Sultan Butti said real estate transactions in Dubai had totalled Dhs195 billion ($53.1 billion) so far this year, up sharply from Dhs145 billion in all of 2012.

“The construction and real estate market now contribute to 24 per cent of Dubai’s GDP (gross domestic product), and this percentage will see a slight growth this year.”

But Sultan Butti, who was appointed to his post in 2006, said officials were alert to risks in the property market and taking a range of steps to reduce them.

This week the United Arab Emirates central bank set limits on the size of mortgage loans for housing – although the caps were less stringent than originally planned, after commercial banks complained they could hurt business.

Mortgage caps may not have a big impact as many transactions are done with cash, but earlier this month Dubai took a step that will affect those deals too, raising the registration fee for property sales to four per cent of value from two per cent. Sultan Butti said the decision would not be reconsidered.

“It was a wise measure that we took to limit speculation in the market and protect investors,” he said. No further increase in fees is planned or being considered, he added.

Dubai’s last real estate boom was marred by some shady dealing, with cheques bouncing and some investors paying for properties that were never delivered.
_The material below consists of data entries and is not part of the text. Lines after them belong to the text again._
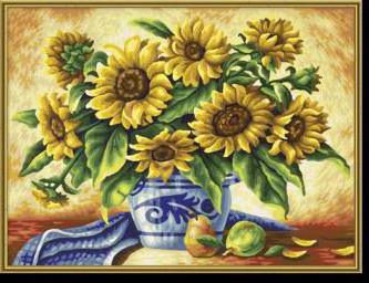 Автор Cadykova загрузил эту картинку чтобы создать схему вышивки «Солнечный букет». Размер данной вышивки равен 190x146 крестов, при этом используется 82 цветов. Ключевые слова, по которым можно найти эту схему: цветы, букет, подсолнухи, ваза, фрукты, груши, натюрморт. Также, вы можете взглянуть на предварительный просмотр, соответствующий данной схеме вышивки.
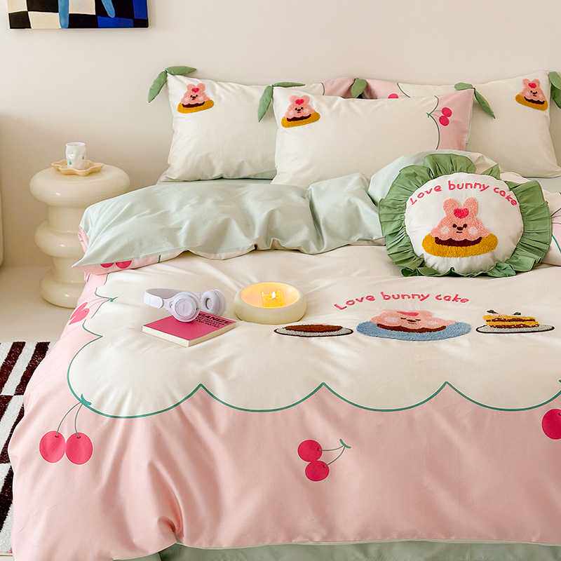 小清新全棉床单四件套纯棉100S长绒棉1.35床笠三件套儿童床上用品
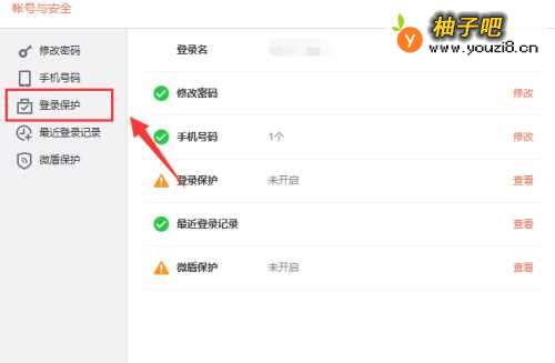 4进入账号安全界面,点击登陆保护选项进入,如下图所示
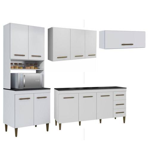 Conjunto Paneleiro 4 Portas Balcão 3 Portas Aéreo 3 Portas e 1 Aéreo basculante Branco
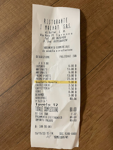 Servizio lentissimo e “doggy bag” a pagamento. In giro per Saronno decidiamo di fermarci a pranzo in questo ristorante, attirati dalle foto del locale e dei piatti, che effettivamente sono molto buoni. Pan tranvai con lardo e miele spaziale, tagliere di formaggi molto buono e risotto con ossobuco gustoso e abbondante. Il locale era pieno (anche se i coperti non sono tantissimi), per prendere le ordinazioni è passato più di un quarto d’ora (e abbiamo dovuto attirare l’attenzione del personale), gli antipasti sono dopo circa 20 minuti ma il risotto ci ha messo più di mezz’ora da quando abbiamo finito la prima portata. Bene perché magari è fatto al momento, ma magari dovrebbero scriverlo sul menu per mettere “le mani avanti” e preparare il cliente. Purtroppo la sorpresa è arrivata all’uscita: non avendo finito tutti gli antipasti e una porzione di risotto, abbiamo chiesto di poter portare a casa quanto avanzato. Nessun problema, tempo 5 minuti avevamo tutto impacchettato sul tavolo. Peccato che, senza dirci nulla a voce, ci sia stato addebitato € 1,00 per le due vaschette di plastica, cosa mai vista da nessuna parte. Considerando che abbiamo pagato € 3,00 a testa di coperto per un tavolo “allestito” con tovaglietta di carta striminzita usa e getta, tovaglioli di carta e pane non molto fresco, trovo allucinante questo addebito “silenzioso” in scontrino di cui purtroppo mi sono accorto solo all’uscita perché ho guardato...
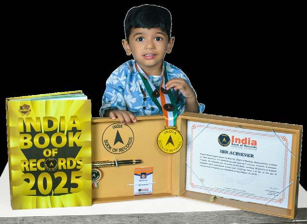 Namami Saurabh Rathi (born on November 24, 2022) of Wardha, Maharashtra, is titled as ‘IBR Achiever’ for identifying 20 parts of the body; recalling months in a year, 6 English antonyms and letters of the English alphabet with 26 associated words; reciting 7 Sanskrit shlokas, 14 English and 3 Hindi nursery rhymes, at the age of 2 years and 9 months, as confirmed on August 30, 2025.
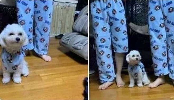 결과는 그야말로 대성공이었습니다. 공개된 사진 속 반려견은 엄마가 만들어준 잠옷을 입고 아주 편안하고 만족스러운 표정을 짓고 있습니다. 무엇보다 집사의 바지 패턴과 완벽하게 일치하는 커플룩을 입고 나란히 서 있는 모습은 보기만 해도 절로 미소가 지어집니다.
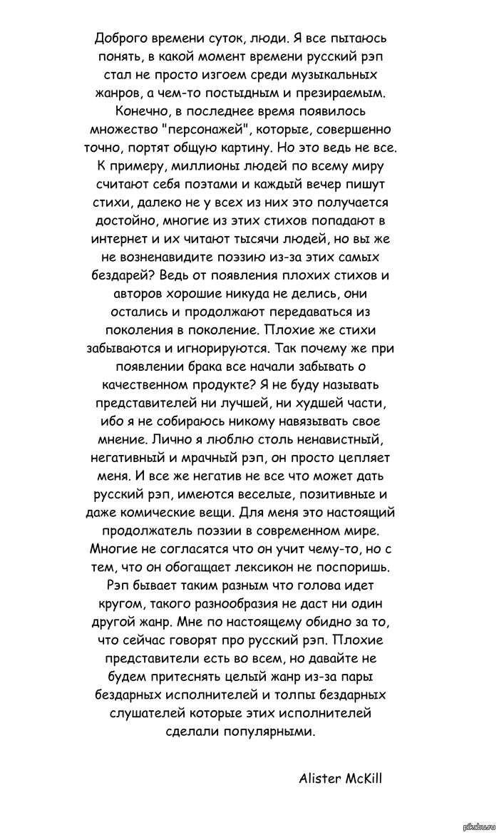 AlisterMcKill 12 лет назад Обидно стало Накипело. На пикабу все чаще появляются посты выставляющие русский рэп в некрасивом свете. Меня они задевают, буду честен. [моё] Русский рэп Досада Надоело

Sultan Butti said the Land Department was keeping a tight grip on transactions and preventing deals from going through without proper registration.

“Our focus now is on regulating the real estate brokers. We’re taking various decisions to prevent bilateral deals that are done at the level of brokerage firms without proper registration at the Land Department,” he said.

“These kinds of unregulated and unmonitored transactions may cause bubbles, and that’s why they are forbidden now.”

WORLD EXPO

In late November, Dubai will learn whether it has won the right to host the 2020 World Expo, which will affect its development plans because of the need to build infrastructure and new hotel space.

Dubai is competing with Izmir in Turkey, Sao Paulo in Brazil and Yekaterinburg in Russia for the right to stage the world’s fair; a vote of the 167 member states of the Paris-based Bureau International des Expositions is expected to choose at an assembly on November 26-27.

Some stock market investors have started speculating that a win for Dubai would push up property prices near the proposed Expo site; if Dubai does not win, that could disappoint investors. But Sultan Butti said the property market would not be hurt in either case.

“We are taking necessary measures to make sure the market will definitely grow in steady steps and the impact will be more tangible if Dubai wins, as it will boost investor confidence and will attract more investors to the country.”

Dubai and the rest of the UAE rely heavily on foreign workers, who comprise most of the population, but only parts of the country are open to property investment by foreigners.

Sultan Butti said that in coming years, he expected new projects and more areas to be offered for freehold by foreigners, with new rules and laws regulating these new developments.

“Allowing investors who come to this country to own their property will attract more investors, and give them an incentive to stay here.”